Restate word for word the lines below that run from the one holding "두꺼운 코튼 쿠션이 달린" through the one holding "should conversely merlini", inclusive. Pictures don't belong in the copy.

» SOURCE DATA:
= = = = = = =

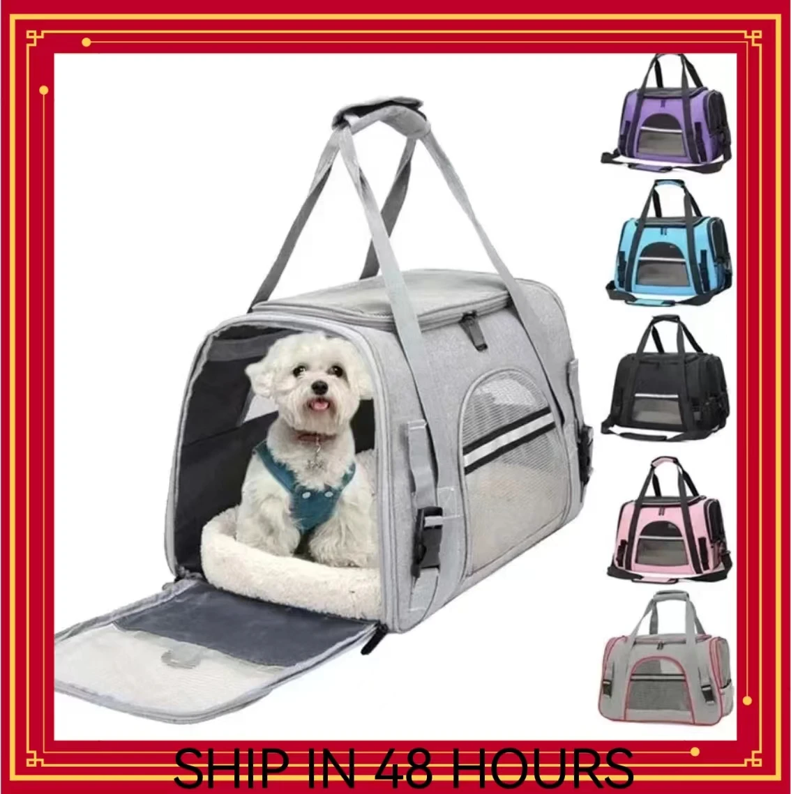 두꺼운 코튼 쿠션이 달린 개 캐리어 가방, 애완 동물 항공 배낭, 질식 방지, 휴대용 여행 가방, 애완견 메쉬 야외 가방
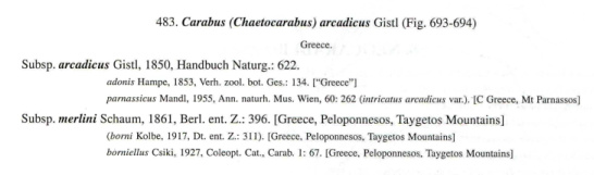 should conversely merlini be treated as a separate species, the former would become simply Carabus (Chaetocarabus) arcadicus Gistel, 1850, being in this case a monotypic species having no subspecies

= = = = = = =

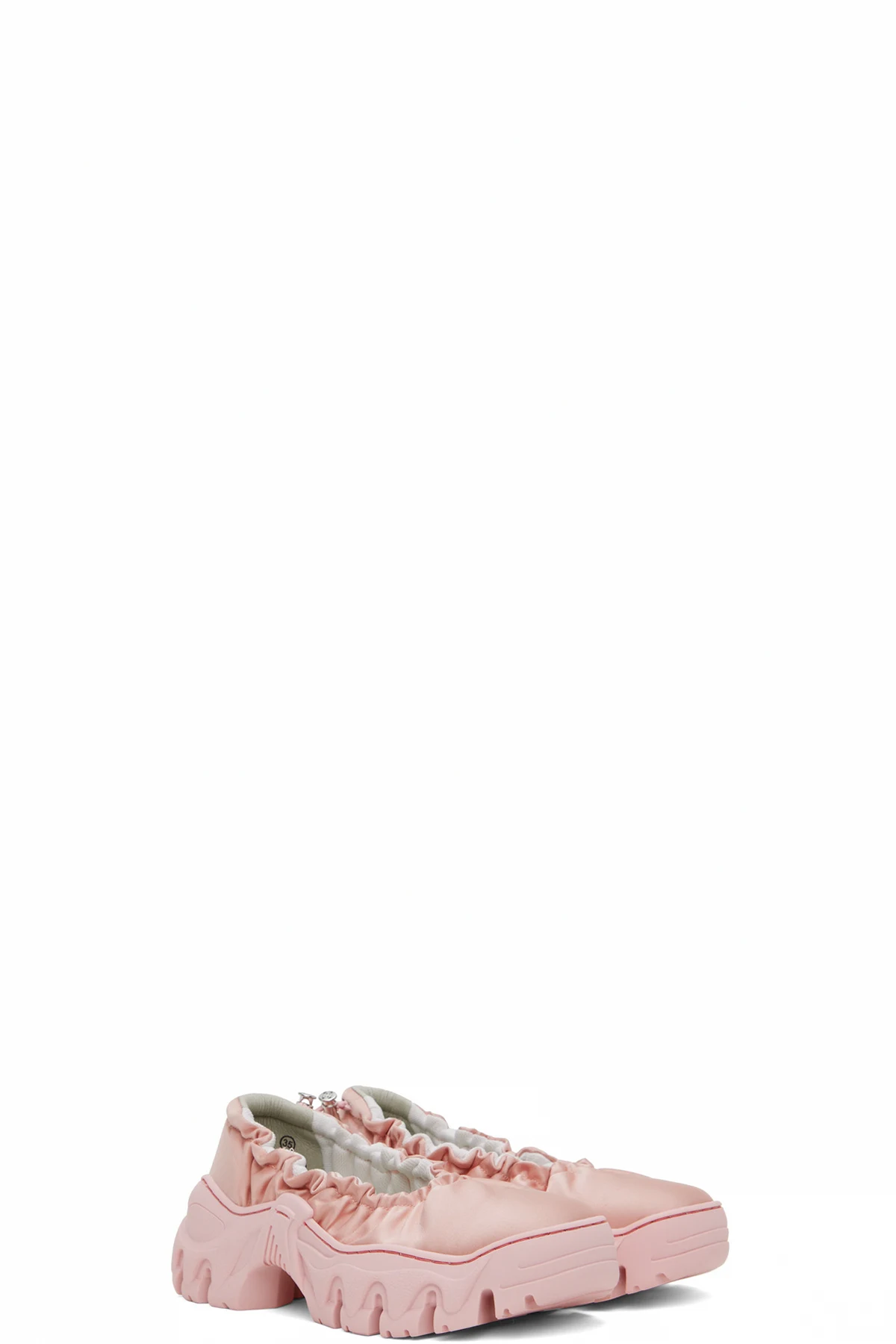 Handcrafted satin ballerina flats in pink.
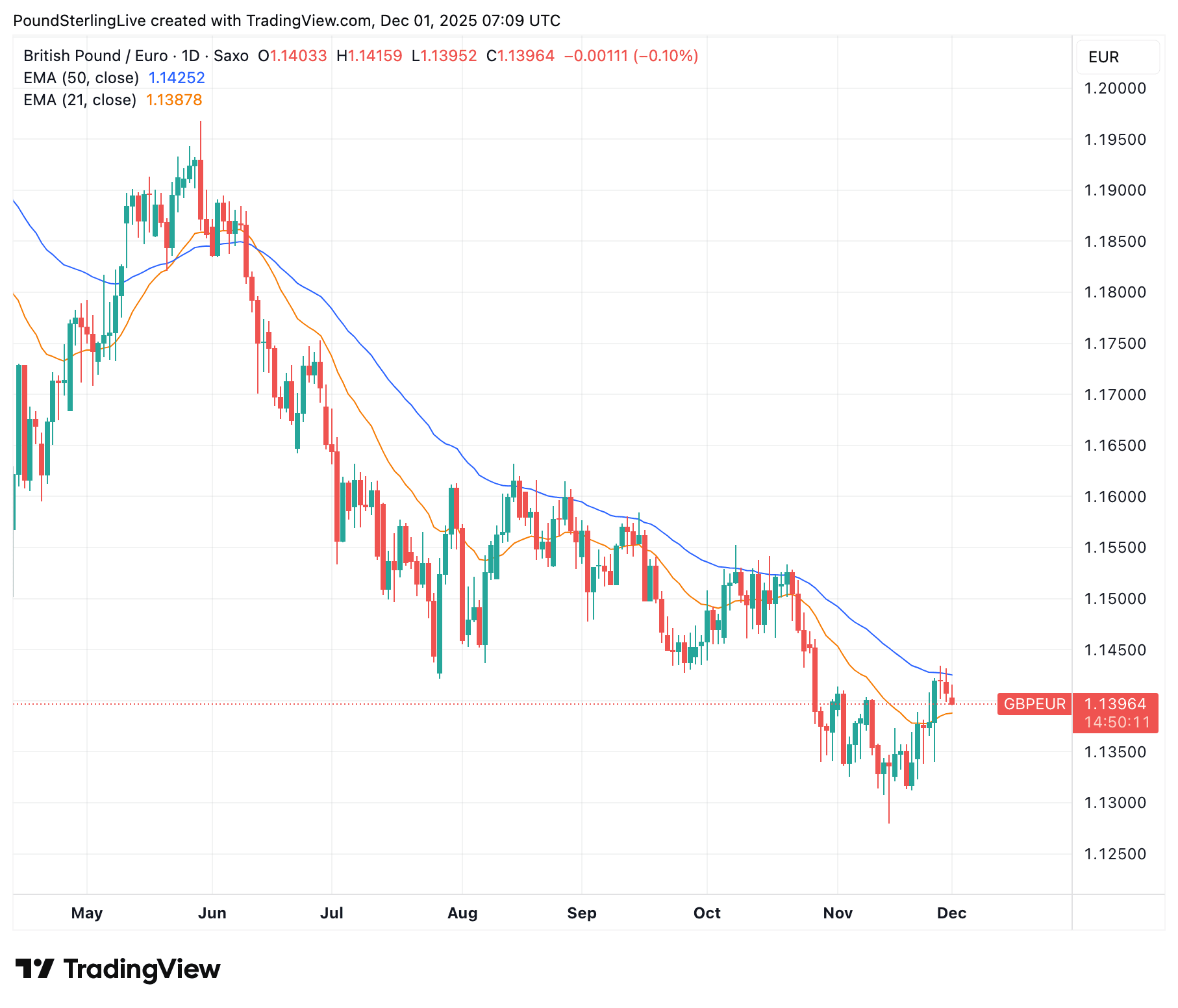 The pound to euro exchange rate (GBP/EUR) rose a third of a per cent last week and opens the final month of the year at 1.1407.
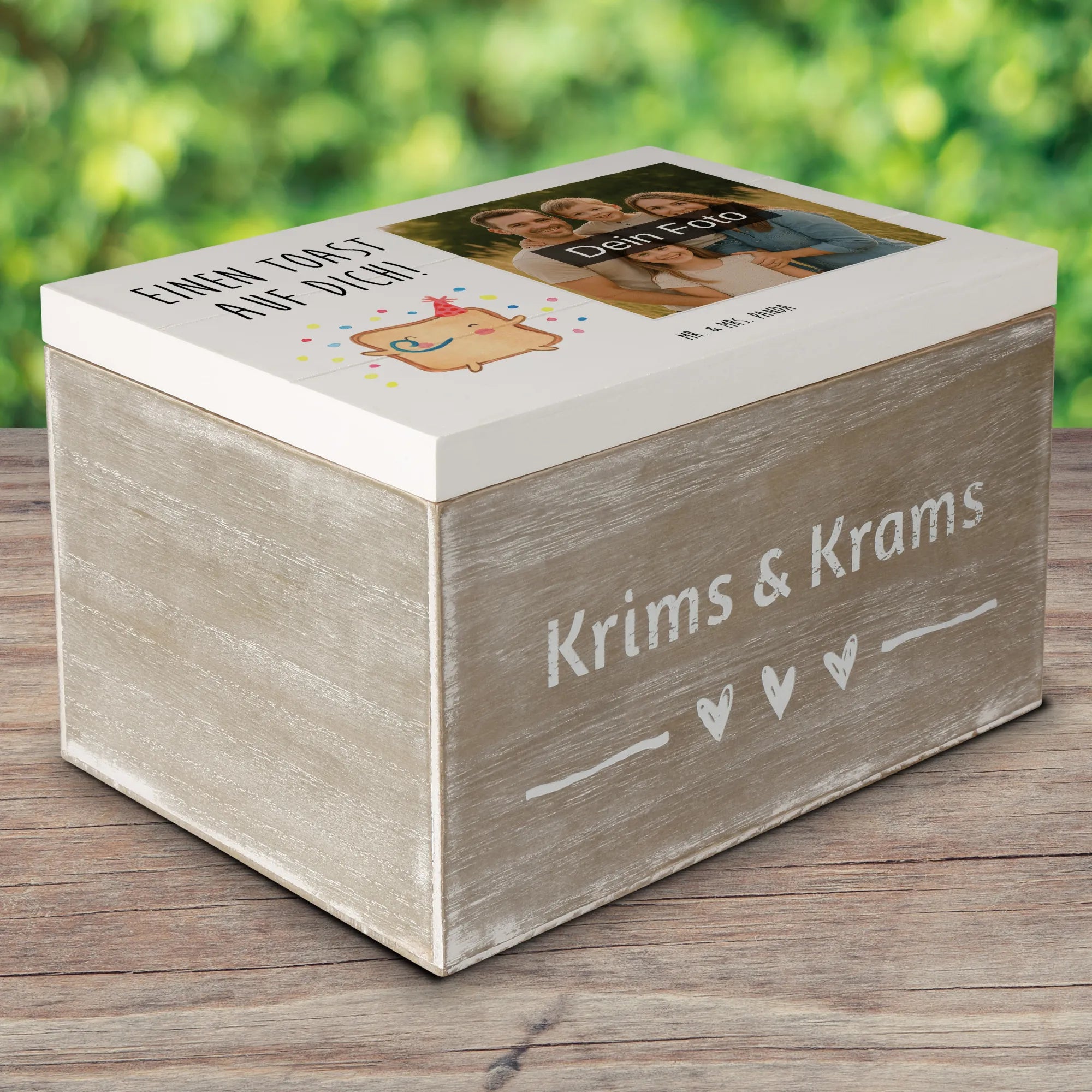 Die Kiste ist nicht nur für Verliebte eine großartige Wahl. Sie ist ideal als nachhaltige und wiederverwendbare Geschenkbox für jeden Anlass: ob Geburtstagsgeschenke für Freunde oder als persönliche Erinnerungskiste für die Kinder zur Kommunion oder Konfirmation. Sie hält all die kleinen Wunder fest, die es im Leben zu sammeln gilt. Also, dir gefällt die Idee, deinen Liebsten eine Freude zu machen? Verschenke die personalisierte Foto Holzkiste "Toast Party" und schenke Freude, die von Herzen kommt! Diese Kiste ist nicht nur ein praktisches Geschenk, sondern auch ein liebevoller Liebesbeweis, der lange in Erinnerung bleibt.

= = = = = = =

» RESPONSE TO THIS TASK:
 두꺼운 코튼 쿠션이 달린 개 캐리어 가방, 애완 동물 항공 배낭, 질식 방지, 휴대용 여행 가방, 애완견 메쉬 야외 가방
 should conversely merlini be treated as a separate species, the former would become simply Carabus (Chaetocarabus) arcadicus Gistel, 1850, being in this case a monotypic species having no subspecies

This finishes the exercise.